Younes Mohamed, Robert Céline, Cottin François, Barrey Eric
UBIAE, Université d'Evry Val d'Essonne, Evry, France.
INRA, GABI, UMR1313, Jouy-en-Josas, France; Université Paris-Est, Ecole Nationale Vétérinaire d'Alfort, Maison Alfort, France.
PLoS One. 2015 Aug 31;10(8):e0137013. doi: 10.1371/journal.pone.0137013. eCollection 2015.
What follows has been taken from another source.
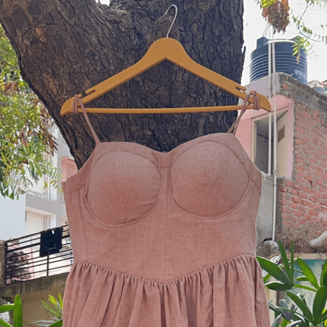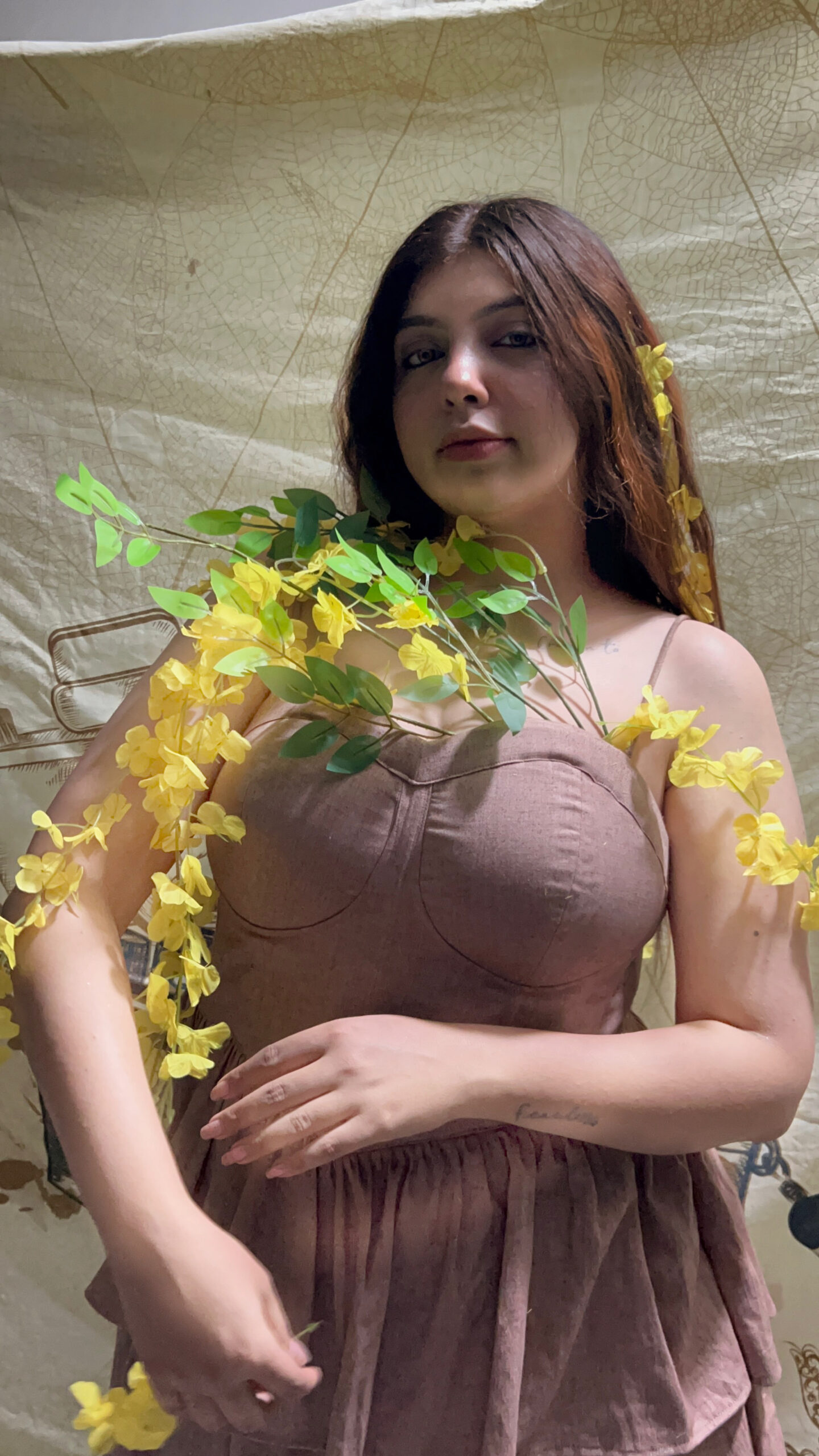 Step into timeless style with our RUFFLED LATTE DRESS — Discover the artistry of our Ruffled Latte Dress, presented in the soft hues of Latte Brown. This exquisite piece features handwoven Khadi cotton, celebrated for its breathable texture and unique character. The design blends a corset-inspired bodice for subtle shaping with cascading tiered ruffles that create graceful movement. Its relaxed fit ensures all-day comfort, making it an ideal choice for warmer climates.

Nearly 50% of the horses participating in endurance events are eliminated at a veterinary examination (a vet gate). Detecting unfit horses before a health problem occurs and treatment is required is a challenge for veterinarians but is essential for improving equine welfare. We hypothesized that it would be possible to detect unfit horses earlier in the event by measuring heart rate recovery variables. Hence, the objective of the present study was to compute logistic regressions of heart rate, cardiac recovery time and average speed data recorded at the previous vet gate (n-1) and thus predict the probability of elimination during successive phases (n and following) in endurance events. Speed and heart rate data were extracted from an electronic database of endurance events (80-160 km in length) organized in four countries. Overall, 39% of the horses that started an event were eliminated--mostly due to lameness (64%) or metabolic disorders (15%). For each vet gate, logistic regressions of explanatory variables (average speed, cardiac recovery time and heart rate measured at the previous vet gate) and categorical variables (age and/or event distance) were computed to estimate the probability of elimination. The predictive logistic regressions for vet gates 2 to 5 correctly classified between 62% and 86% of the eliminated horses. The robustness of these results was confirmed by high areas under the receiving operating characteristic curves (0.68-0.84). Overall, a horse has a 70% chance of being eliminated at the next gate if its cardiac recovery time is longer than 11 min at vet gate 1 or 2, or longer than 13 min at vet gates 3 or 4. Heart rate recovery and average speed variables measured at the previous vet gate(s) enabled us to predict elimination at the following vet gate. These variables should be checked at each veterinary examination, in order to detect unfit horses as early as possible. Our predictive method may help to improve equine welfare and ethical considerations in endurance events.
参加耐力赛的马匹中,近50%在兽医检查(兽医关卡)时被淘汰。在健康问题出现并需要治疗之前检测出不适合参赛的马匹,对兽医来说是一项挑战,但对于改善马匹福利至关重要。我们假设通过测量心率恢复变量有可能在赛事中更早地检测出不适合参赛的马匹。因此,本研究的目的是计算在前一个兽医关卡(n-1)记录的心率、心脏恢复时间和平均速度数据的逻辑回归,从而预测耐力赛后续阶段(n及之后)被淘汰的概率。速度和心率数据从四个国家组织的耐力赛(长度为80 - 160公里)的电子数据库中提取。总体而言,开始参赛的马匹中有39%被淘汰,主要原因是跛行(64%)或代谢紊乱(15%)。对于每个兽医关卡,计算解释变量(在前一个兽医关卡测量的平均速度、心脏恢复时间和心率)和分类变量(年龄和/或赛事距离)的逻辑回归,以估计被淘汰的概率。兽医关卡2至5的预测逻辑回归正确分类了62%至86%的被淘汰马匹。这些结果的稳健性通过接受操作特征曲线下的高面积(0.68 - 0.84)得到证实。总体而言,如果一匹马在兽医关卡1或2时心脏恢复时间超过11分钟,或在兽医关卡3或4时超过13分钟,那么它在下一个关卡被淘汰的几率为70%。在前一个兽医关卡测量的心率恢复和平均速度变量使我们能够预测在下一个兽医关卡是否会被淘汰。应在每次兽医检查时检查这些变量,以便尽早检测出不适合参赛的马匹。我们的预测方法可能有助于改善耐力赛中的马匹福利和伦理考量。